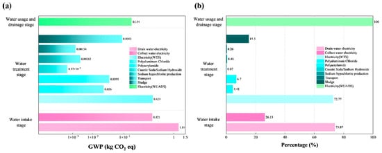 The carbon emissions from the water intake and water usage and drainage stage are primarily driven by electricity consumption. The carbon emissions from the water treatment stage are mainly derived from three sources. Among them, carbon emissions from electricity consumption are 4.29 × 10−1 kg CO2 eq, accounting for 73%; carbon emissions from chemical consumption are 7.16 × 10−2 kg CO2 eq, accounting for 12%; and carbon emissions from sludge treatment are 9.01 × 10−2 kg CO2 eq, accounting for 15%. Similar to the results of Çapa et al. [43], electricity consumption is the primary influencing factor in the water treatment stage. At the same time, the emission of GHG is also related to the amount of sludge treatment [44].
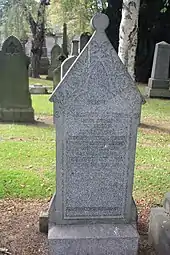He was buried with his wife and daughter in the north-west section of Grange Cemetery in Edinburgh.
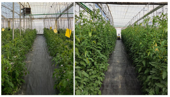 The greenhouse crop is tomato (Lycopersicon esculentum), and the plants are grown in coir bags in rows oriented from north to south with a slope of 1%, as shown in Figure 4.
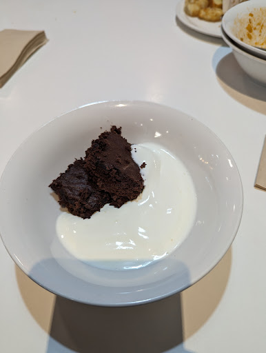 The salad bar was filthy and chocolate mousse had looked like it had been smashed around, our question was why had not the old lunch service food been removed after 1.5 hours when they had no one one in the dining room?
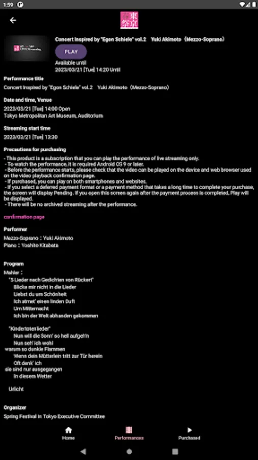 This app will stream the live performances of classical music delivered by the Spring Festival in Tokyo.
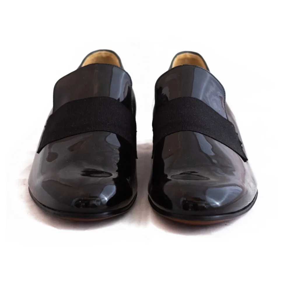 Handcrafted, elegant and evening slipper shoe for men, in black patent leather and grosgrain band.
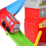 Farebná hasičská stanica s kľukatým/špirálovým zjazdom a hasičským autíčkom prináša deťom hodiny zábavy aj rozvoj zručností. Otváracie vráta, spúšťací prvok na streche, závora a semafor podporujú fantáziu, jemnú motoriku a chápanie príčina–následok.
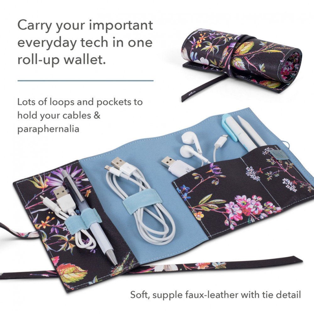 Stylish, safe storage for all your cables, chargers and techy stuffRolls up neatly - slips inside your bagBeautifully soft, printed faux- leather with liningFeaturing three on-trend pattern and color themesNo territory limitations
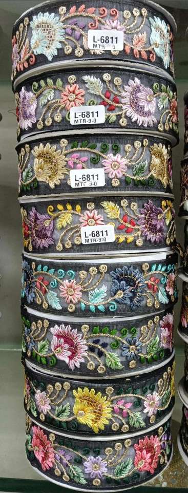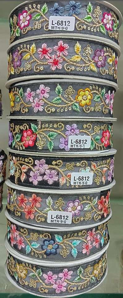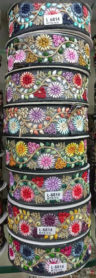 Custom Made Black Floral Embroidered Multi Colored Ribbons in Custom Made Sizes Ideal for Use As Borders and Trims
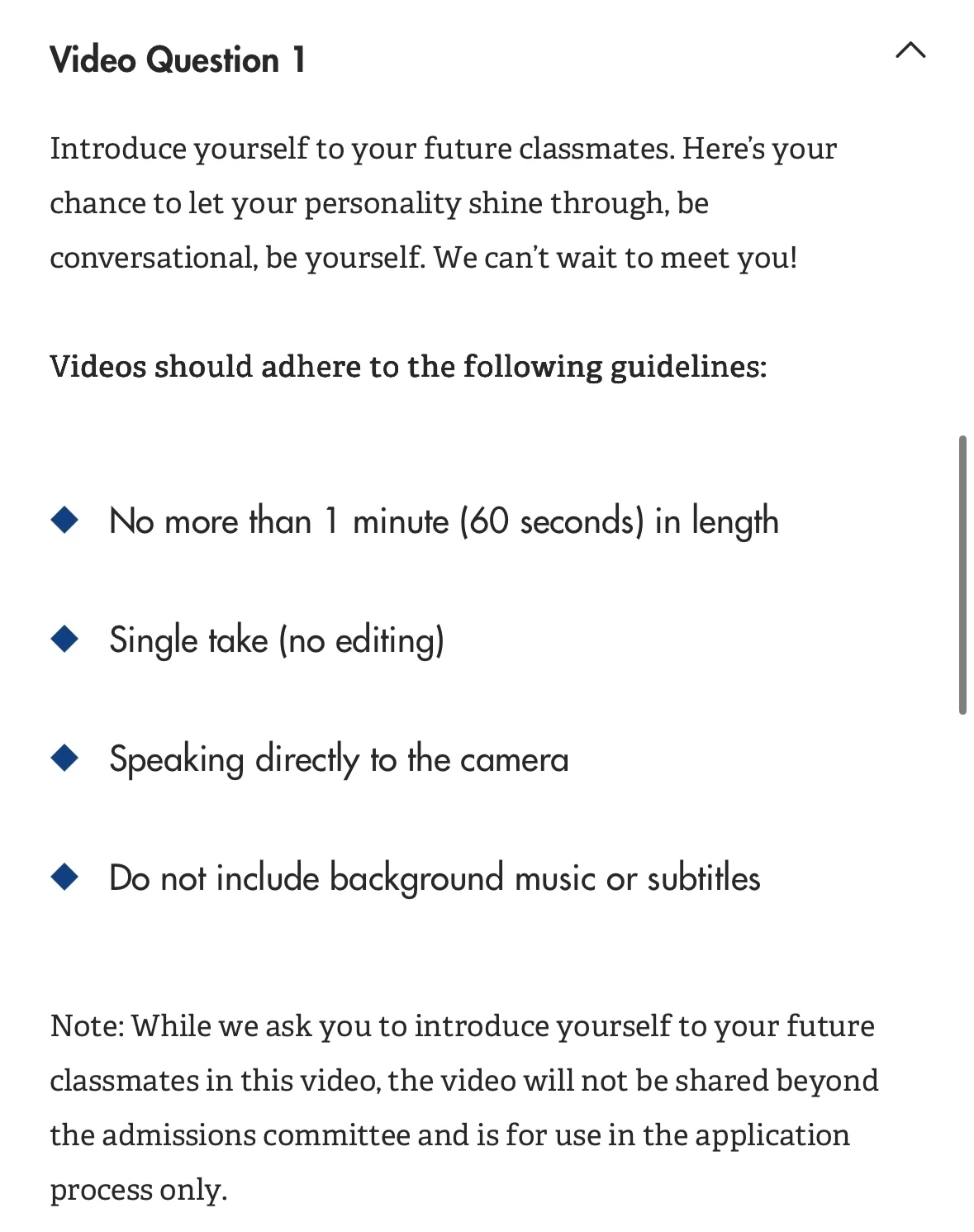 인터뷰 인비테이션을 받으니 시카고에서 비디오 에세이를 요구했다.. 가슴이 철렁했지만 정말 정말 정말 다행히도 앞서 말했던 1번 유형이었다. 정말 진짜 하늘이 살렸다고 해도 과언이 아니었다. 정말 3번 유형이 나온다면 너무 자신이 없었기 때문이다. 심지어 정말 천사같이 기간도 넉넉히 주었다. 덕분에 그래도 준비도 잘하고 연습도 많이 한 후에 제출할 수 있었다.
------------------------------------------------------------
YOUR TASK | Would you set down every line of the data above exactly, skipping the pictures?

YOUR SOLUTION |
 The carbon emissions from the water intake and water usage and drainage stage are primarily driven by electricity consumption. The carbon emissions from the water treatment stage are mainly derived from three sources. Among them, carbon emissions from electricity consumption are 4.29 × 10−1 kg CO2 eq, accounting for 73%; carbon emissions from chemical consumption are 7.16 × 10−2 kg CO2 eq, accounting for 12%; and carbon emissions from sludge treatment are 9.01 × 10−2 kg CO2 eq, accounting for 15%. Similar to the results of Çapa et al. [43], electricity consumption is the primary influencing factor in the water treatment stage. At the same time, the emission of GHG is also related to the amount of sludge treatment [44].
He was buried with his wife and daughter in the north-west section of Grange Cemetery in Edinburgh.
 The greenhouse crop is tomato (Lycopersicon esculentum), and the plants are grown in coir bags in rows oriented from north to south with a slope of 1%, as shown in Figure 4.
 The salad bar was filthy and chocolate mousse had looked like it had been smashed around, our question was why had not the old lunch service food been removed after 1.5 hours when they had no one one in the dining room?
 This app will stream the live performances of classical music delivered by the Spring Festival in Tokyo.
 Handcrafted, elegant and evening slipper shoe for men, in black patent leather and grosgrain band.
 Farebná hasičská stanica s kľukatým/špirálovým zjazdom a hasičským autíčkom prináša deťom hodiny zábavy aj rozvoj zručností. Otváracie vráta, spúšťací prvok na streche, závora a semafor podporujú fantáziu, jemnú motoriku a chápanie príčina–následok.
 Stylish, safe storage for all your cables, chargers and techy stuffRolls up neatly - slips inside your bagBeautifully soft, printed faux- leather with liningFeaturing three on-trend pattern and color themesNo territory limitations
 Custom Made Black Floral Embroidered Multi Colored Ribbons in Custom Made Sizes Ideal for Use As Borders and Trims
 인터뷰 인비테이션을 받으니 시카고에서 비디오 에세이를 요구했다.. 가슴이 철렁했지만 정말 정말 정말 다행히도 앞서 말했던 1번 유형이었다. 정말 진짜 하늘이 살렸다고 해도 과언이 아니었다. 정말 3번 유형이 나온다면 너무 자신이 없었기 때문이다. 심지어 정말 천사같이 기간도 넉넉히 주었다. 덕분에 그래도 준비도 잘하고 연습도 많이 한 후에 제출할 수 있었다.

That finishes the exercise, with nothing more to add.